INFORMATION SHOWN below:
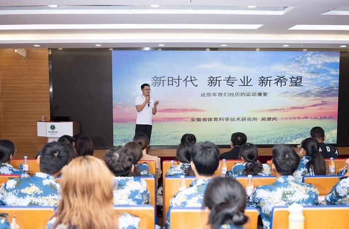吴贤风以《新时代、新专业、新希望——这些年我们经历的运动康复》为题作专场报告,介绍了我国运动康复的发展历程、发展现状和未来的发展趋势,总结了运动康复驱动力和生命力的来源,抛出了对当前运动康复的思考。他建议同学们在未来学习中要注重积累、学习、辩证、融合、创新,学以成人,研以成才。
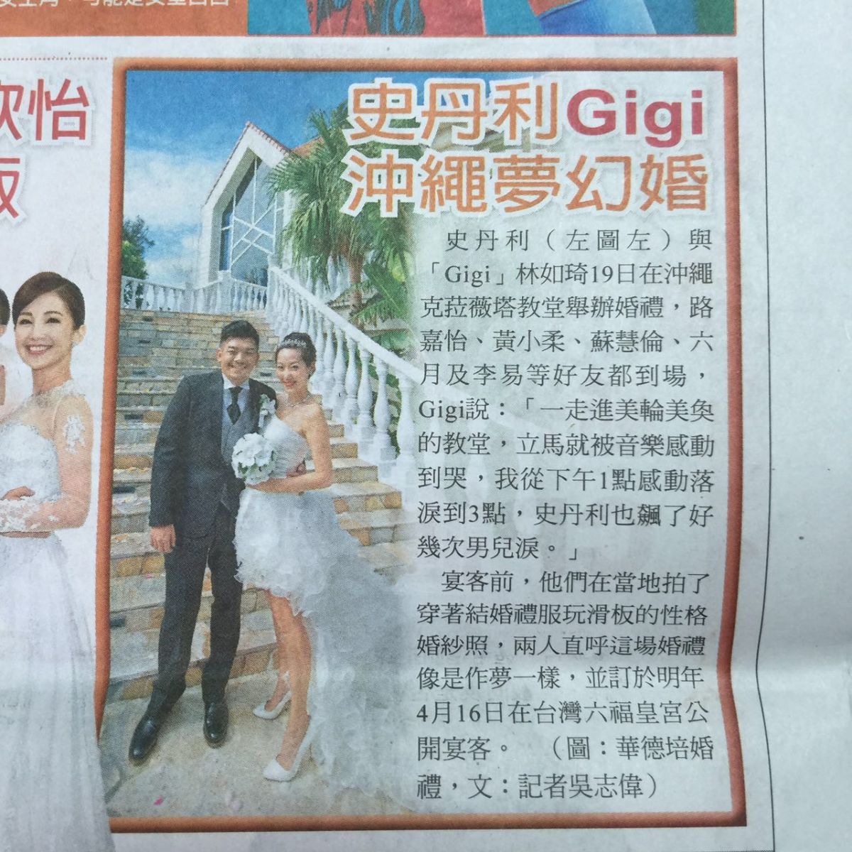 史丹利与「Gigi」林如琦19日在沖绳克菈薇塔教堂举办婚礼,路嘉怡、黄小柔、苏慧伦、六月及李易等好友都到场,Gigi说:「一走进美轮美奂的教堂,立马就被音乐感动到哭,我从下午1点感动落泪到3点,史丹利也飙了好几次男儿泪。」
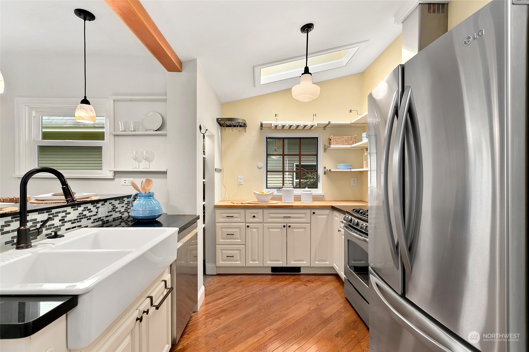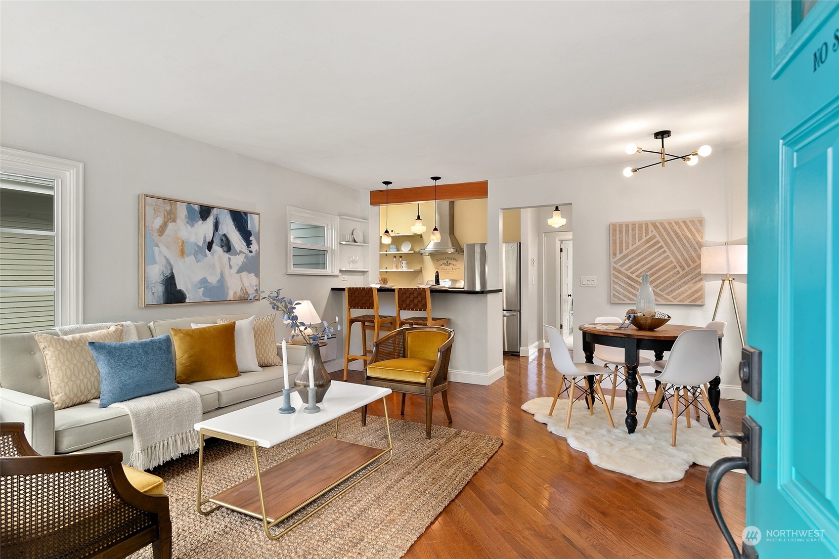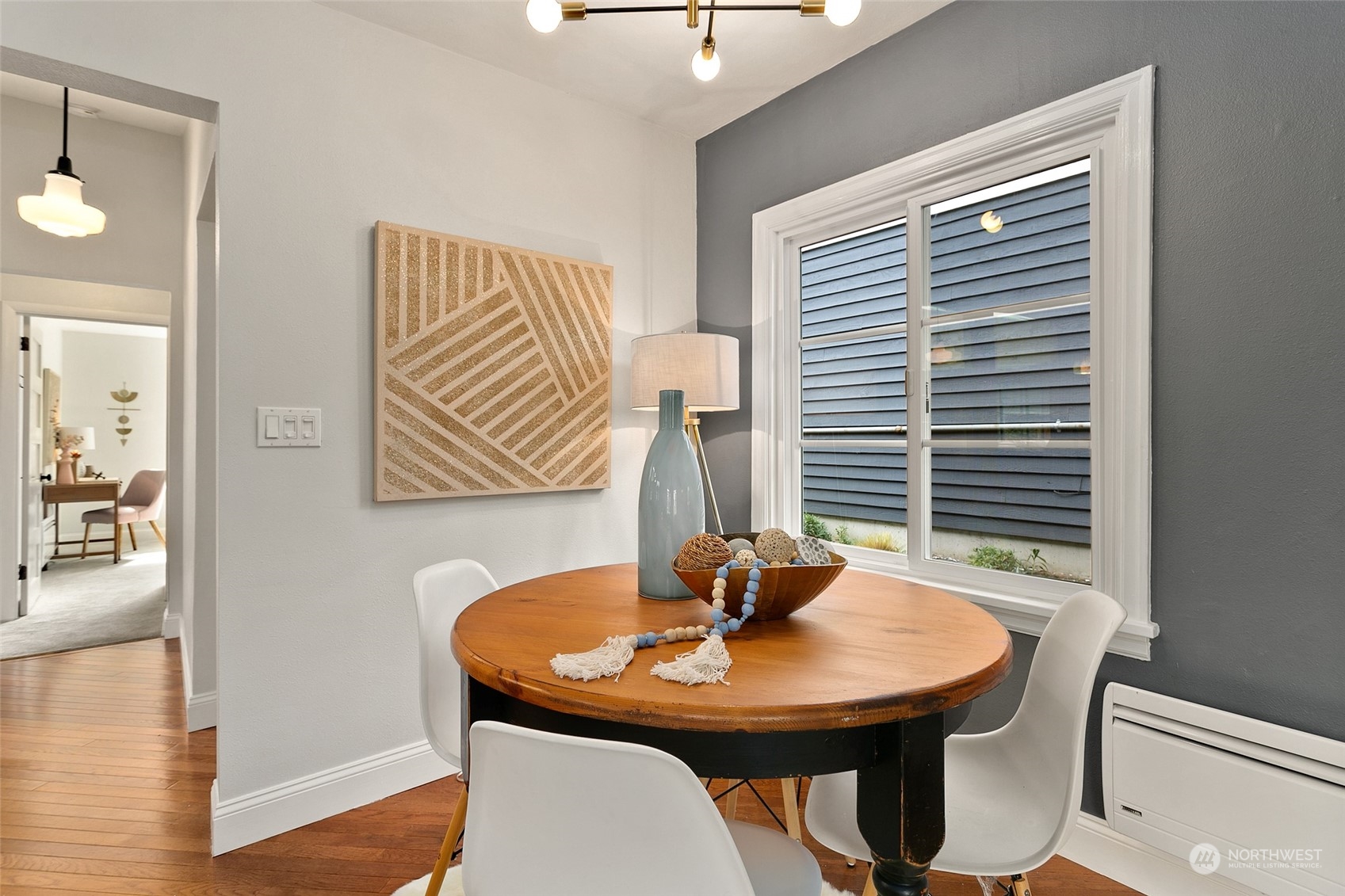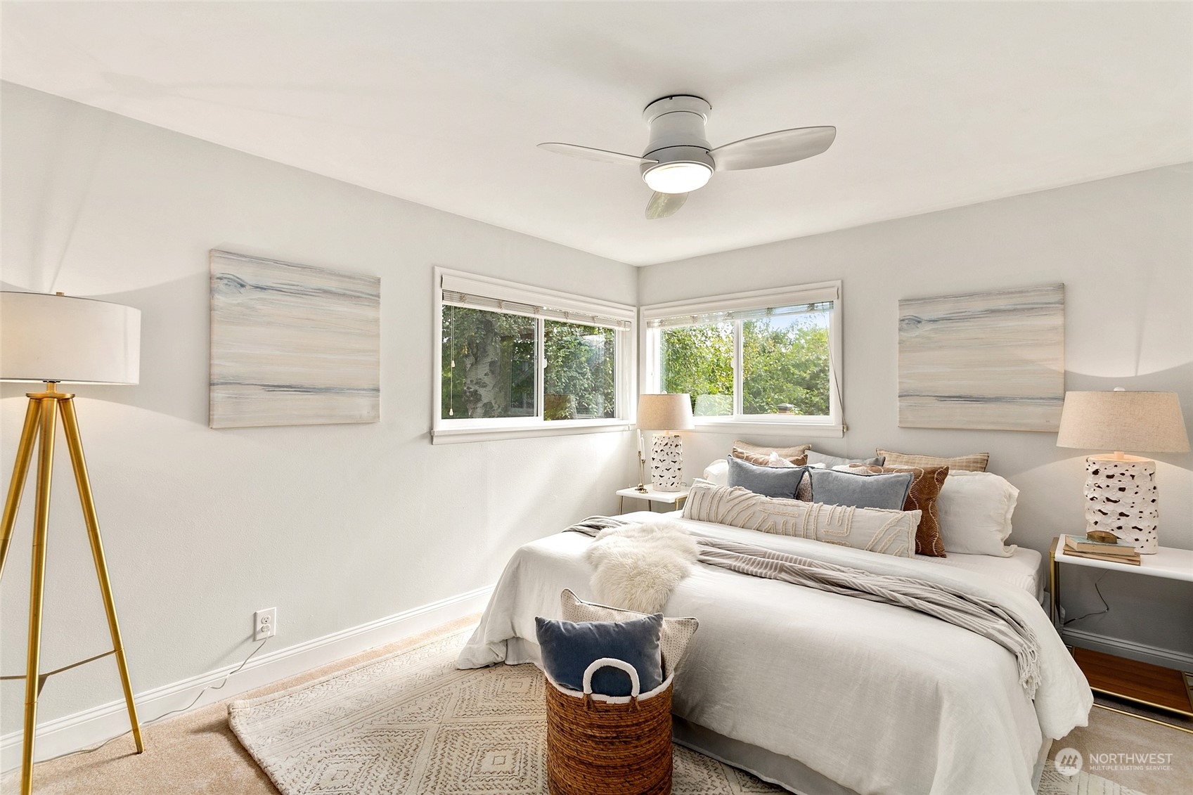 Stroll around Greenlake all year long, taking in each season’s colors and activity. Host friends for dinner on your spacious, serene patio under the twinkling cafe lights. Enjoy amazing community events like the Phinney Farmers Market (Fridays all summer long!), PhinneyWood Art Walk in the fall and Winter Market during the holidays. Charming. Bright. Cheerful. This adorable bungalow, a block from Greenwood Ave and all it offers, has an open floorplan with abundant natural light and lives much larger than its square footage. Plus a list of improvements: tankless water heater, bathroom's heated floors, 50 year new roof in 2013, new exterior paint and carpet in 2022 and more. The outdoor space will surprise and delight you as well!
End of INFORMATION SHOWN.
- _BRIEF_: Output the full material exactly as given, without its pictures.

- _RESULT_:
吴贤风以《新时代、新专业、新希望——这些年我们经历的运动康复》为题作专场报告,介绍了我国运动康复的发展历程、发展现状和未来的发展趋势,总结了运动康复驱动力和生命力的来源,抛出了对当前运动康复的思考。他建议同学们在未来学习中要注重积累、学习、辩证、融合、创新,学以成人,研以成才。
 史丹利与「Gigi」林如琦19日在沖绳克菈薇塔教堂举办婚礼,路嘉怡、黄小柔、苏慧伦、六月及李易等好友都到场,Gigi说:「一走进美轮美奂的教堂,立马就被音乐感动到哭,我从下午1点感动落泪到3点,史丹利也飙了好几次男儿泪。」
 Stroll around Greenlake all year long, taking in each season’s colors and activity. Host friends for dinner on your spacious, serene patio under the twinkling cafe lights. Enjoy amazing community events like the Phinney Farmers Market (Fridays all summer long!), PhinneyWood Art Walk in the fall and Winter Market during the holidays. Charming. Bright. Cheerful. This adorable bungalow, a block from Greenwood Ave and all it offers, has an open floorplan with abundant natural light and lives much larger than its square footage. Plus a list of improvements: tankless water heater, bathroom's heated floors, 50 year new roof in 2013, new exterior paint and carpet in 2022 and more. The outdoor space will surprise and delight you as well!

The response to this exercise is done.